(Extracted data entries)
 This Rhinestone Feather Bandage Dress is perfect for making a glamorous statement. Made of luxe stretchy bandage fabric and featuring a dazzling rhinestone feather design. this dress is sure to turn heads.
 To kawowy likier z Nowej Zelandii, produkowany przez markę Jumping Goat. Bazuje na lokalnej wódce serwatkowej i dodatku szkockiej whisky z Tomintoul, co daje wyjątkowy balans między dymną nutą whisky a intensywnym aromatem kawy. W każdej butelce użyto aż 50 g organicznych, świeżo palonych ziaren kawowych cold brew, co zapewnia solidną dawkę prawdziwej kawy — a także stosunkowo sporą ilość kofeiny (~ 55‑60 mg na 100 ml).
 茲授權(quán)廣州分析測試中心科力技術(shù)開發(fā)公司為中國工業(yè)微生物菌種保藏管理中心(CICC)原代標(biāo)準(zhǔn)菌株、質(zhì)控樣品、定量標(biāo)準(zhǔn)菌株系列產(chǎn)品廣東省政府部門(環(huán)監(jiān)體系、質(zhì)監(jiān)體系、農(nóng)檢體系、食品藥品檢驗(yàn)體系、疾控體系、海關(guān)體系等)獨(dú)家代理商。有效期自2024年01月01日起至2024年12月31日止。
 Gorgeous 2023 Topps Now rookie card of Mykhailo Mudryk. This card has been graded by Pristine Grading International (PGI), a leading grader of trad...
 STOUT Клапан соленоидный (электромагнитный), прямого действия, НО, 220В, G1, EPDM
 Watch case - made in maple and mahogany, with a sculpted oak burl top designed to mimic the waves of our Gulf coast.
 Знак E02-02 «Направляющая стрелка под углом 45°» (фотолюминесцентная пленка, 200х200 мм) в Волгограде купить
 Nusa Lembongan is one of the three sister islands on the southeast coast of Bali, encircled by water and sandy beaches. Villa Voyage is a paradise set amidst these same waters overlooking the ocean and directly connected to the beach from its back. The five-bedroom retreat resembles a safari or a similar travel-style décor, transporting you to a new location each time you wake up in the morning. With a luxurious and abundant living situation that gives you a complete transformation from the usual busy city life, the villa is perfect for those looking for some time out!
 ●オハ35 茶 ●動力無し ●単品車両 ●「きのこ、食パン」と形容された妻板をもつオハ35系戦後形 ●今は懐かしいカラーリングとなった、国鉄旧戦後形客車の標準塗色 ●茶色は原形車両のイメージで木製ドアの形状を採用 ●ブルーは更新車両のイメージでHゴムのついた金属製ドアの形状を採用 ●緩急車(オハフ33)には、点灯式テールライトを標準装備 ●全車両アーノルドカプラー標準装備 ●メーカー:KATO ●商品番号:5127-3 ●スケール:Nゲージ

Exercise: Each line from the one containing "в Волгограде купить" through the last line of the entries is to be copied exactly, with no other lines added.

Response:
 Знак E02-02 «Направляющая стрелка под углом 45°» (фотолюминесцентная пленка, 200х200 мм) в Волгограде купить
 Nusa Lembongan is one of the three sister islands on the southeast coast of Bali, encircled by water and sandy beaches. Villa Voyage is a paradise set amidst these same waters overlooking the ocean and directly connected to the beach from its back. The five-bedroom retreat resembles a safari or a similar travel-style décor, transporting you to a new location each time you wake up in the morning. With a luxurious and abundant living situation that gives you a complete transformation from the usual busy city life, the villa is perfect for those looking for some time out!
 ●オハ35 茶 ●動力無し ●単品車両 ●「きのこ、食パン」と形容された妻板をもつオハ35系戦後形 ●今は懐かしいカラーリングとなった、国鉄旧戦後形客車の標準塗色 ●茶色は原形車両のイメージで木製ドアの形状を採用 ●ブルーは更新車両のイメージでHゴムのついた金属製ドアの形状を採用 ●緩急車(オハフ33)には、点灯式テールライトを標準装備 ●全車両アーノルドカプラー標準装備 ●メーカー:KATO ●商品番号:5127-3 ●スケール:Nゲージ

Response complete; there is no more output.